Une brève conversation qui transforme les projets en réalité
Découvrir ISMS.online en action est souvent le moyen le plus rapide de déterminer si cette approche convient à votre fournisseur de services gérés (MSP). Un échange bref et ciblé, ainsi qu'une démonstration personnalisée, vous permettront de constater comment vos services existants s'intègrent à un système de gestion de la sécurité de l'information (SGSI) unique, comment les obligations de l'Annexe A et du RGPD se traduisent dans des flux de travail concrets et comment des dossiers d'assurance spécifiques à chaque client peuvent être générés à partir de preuves partagées. Vous exposez vos questions et vos difficultés actuelles ; la session les transformera en modèles concrets que vous pourrez adopter.
Choisissez ISMS.online si vous souhaitez que votre démarche ISO 27001 et RGPD devienne un système dynamique et mutualisé, et non une simple collection de documents statiques. Si vous privilégiez des preuves tangibles, une structure facilitant le travail d'audit et un environnement partagé où fondateurs, RSSI, délégués à la protection des données et experts partagent la même vision, organiser cette première discussion est une étape concrète qui transforme votre confiance en une démonstration tangible de notre engagement envers chaque utilisateur.
Demander demoFoire aux questions
Comment un fournisseur de services gérés (MSP) doit-il définir le périmètre de son système de gestion de la sécurité de l'information (SGSI) ISO 27001:2022 lorsqu'il dessert de nombreux clients soumis au RGPD ?

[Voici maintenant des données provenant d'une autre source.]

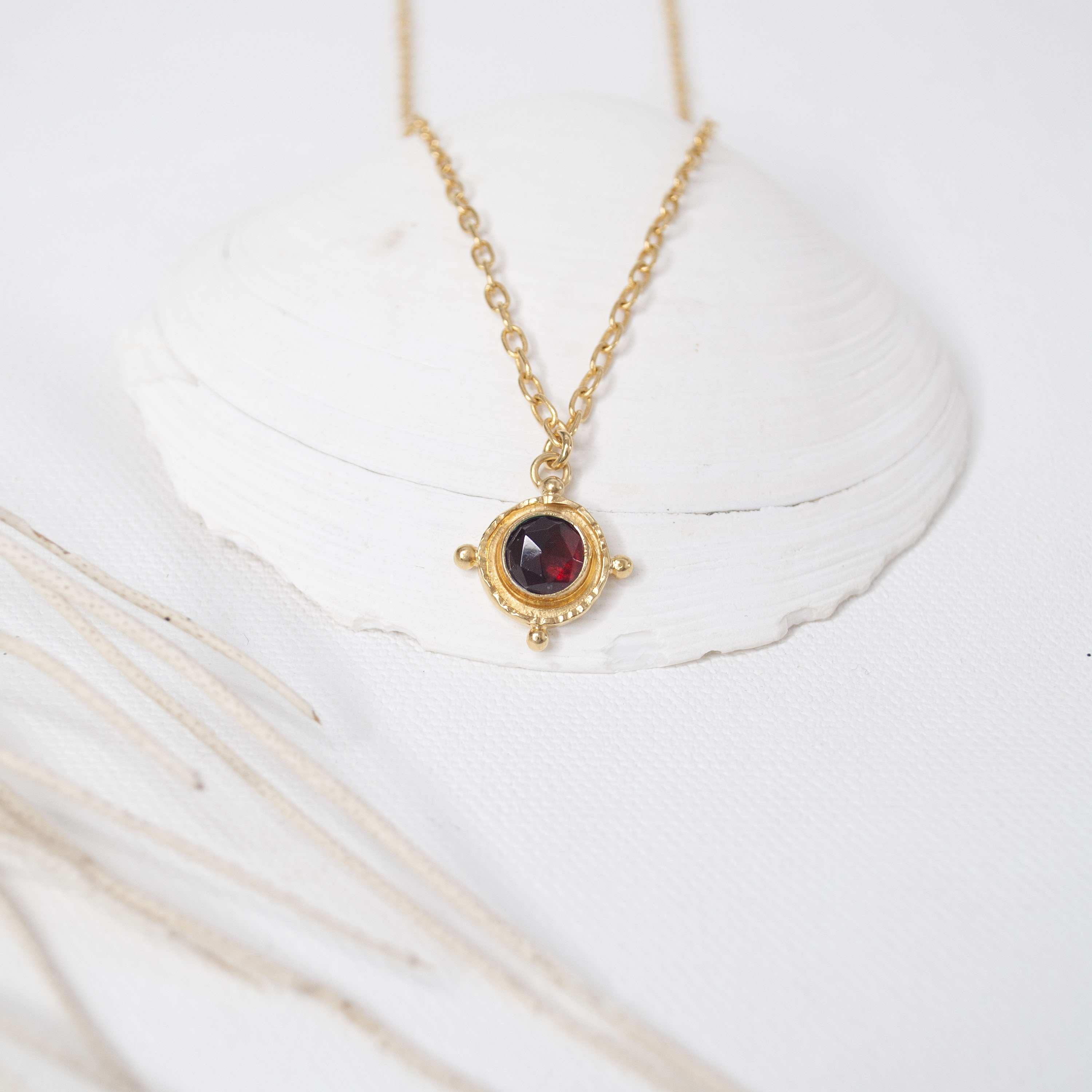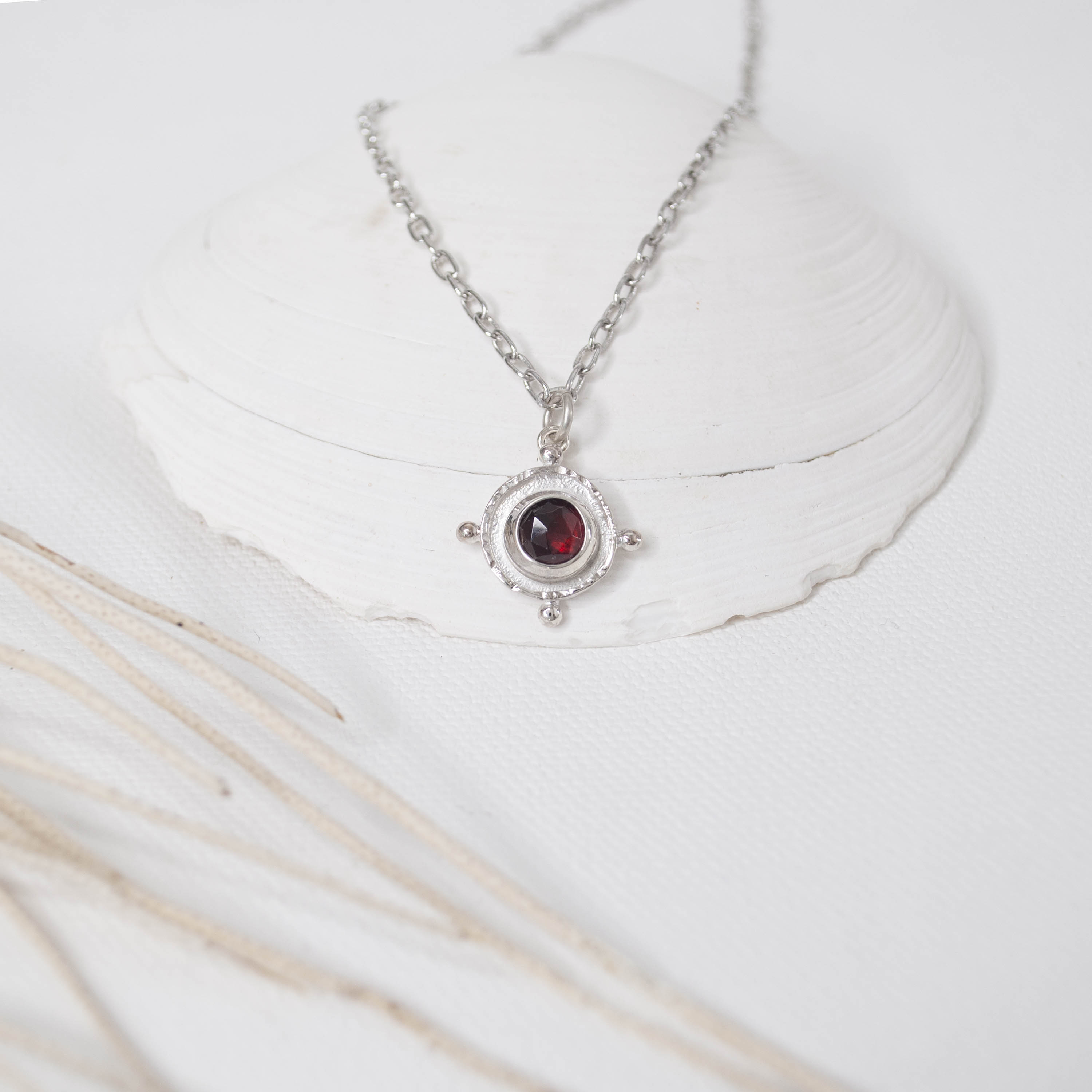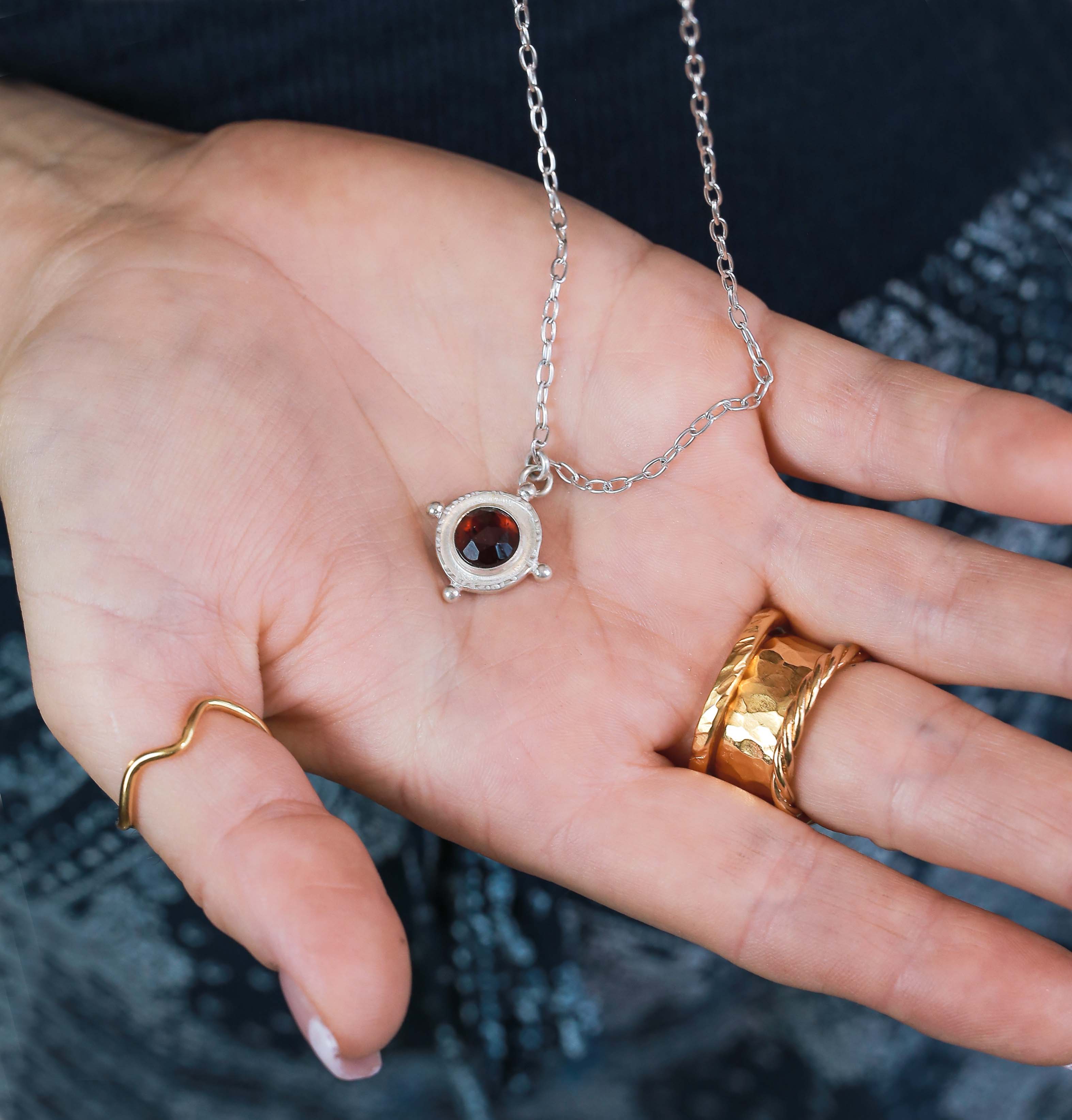 Strong ships aren't meant for safe harbours. Inspired by the helm of an old sea faring ship and antique nautical motifs, this Silver Garnet Gem Medallion Necklace is designed to accompany you as you navigate the journey of life. This necklace is perfect solo and also great when layered with other necklaces!

Évaluez la portée de votre système de gestion de la sécurité de l'information (SGSI) ISO 27001:2022 une fois à niveau du fournisseur autour des services et plateformes que vous exploitez, exprimez ensuite les différences entre locataires par le biais de niveaux de risque et d'attentes des « parties intéressées » au lieu de créer un SMSI distinct pour chaque client.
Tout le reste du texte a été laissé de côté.